According to a Proofpoint blog post yesterday, the spam operation largely resembled other spam campaigns previously attributed to an actor it calls TA505 -- otherwise known as the Necurs botnet.

The emails leveraged a number of different malicious attachment types, including Excel Web Query (.iqy) files, password-protected ZIP archives containing iqy files, PDF documents with embedded iqy files, and Microsoft Word documents with macros, the blog post reported.

Researchers from Boston-based cyber firm Barkly had reported back in June that crafty spammers, including the actors behind Necurs, are increasingly relying on .iqy files, normally used to download data from the internet directly into Excel, to launch a chain of malicious downloads.

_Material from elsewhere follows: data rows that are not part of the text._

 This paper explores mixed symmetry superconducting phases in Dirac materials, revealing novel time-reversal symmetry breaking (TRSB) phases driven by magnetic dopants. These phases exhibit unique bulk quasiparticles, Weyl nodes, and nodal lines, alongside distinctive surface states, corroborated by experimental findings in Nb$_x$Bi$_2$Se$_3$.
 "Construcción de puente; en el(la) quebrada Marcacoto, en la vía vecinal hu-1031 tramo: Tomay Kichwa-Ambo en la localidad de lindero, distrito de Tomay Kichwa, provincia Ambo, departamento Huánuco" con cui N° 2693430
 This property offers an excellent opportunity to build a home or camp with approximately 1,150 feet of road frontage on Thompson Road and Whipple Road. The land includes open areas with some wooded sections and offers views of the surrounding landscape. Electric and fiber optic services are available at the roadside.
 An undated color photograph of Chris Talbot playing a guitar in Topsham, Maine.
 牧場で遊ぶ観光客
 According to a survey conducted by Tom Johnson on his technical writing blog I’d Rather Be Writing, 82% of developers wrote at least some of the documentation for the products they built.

Proofpoint cited five separate examples of spam emails its researchers observed during the Marap campaign. Most relied on relatively simple lure subjects and body texts, often incorporating random letters and numbers.

One email with the subject line "REQUEST" followed by randomized letters included an attached .iqy document impersonating an RFP. Another featuring an .iqy file described as "IMPORTANT DOCUMENTS" in the subject line dares to impersonate an actual U.S. bank, pretending to be an ad for its products and services.

Other emails rely on fake names coupled with random email domains, in the hopes of enticing victims to open up the malicious file, disguised as harmless PDF documents, picture files, or invoices.

Written in C, Marap is named after its C&C beacon request "param," only spelled backwards. According to Proofpoint, the malware communicates with its C2 infrastructure via HTTP, "but first it tries a a number of legitimate WinHTTP functions to determine whether it needs to use a proxy and if so what proxy to use."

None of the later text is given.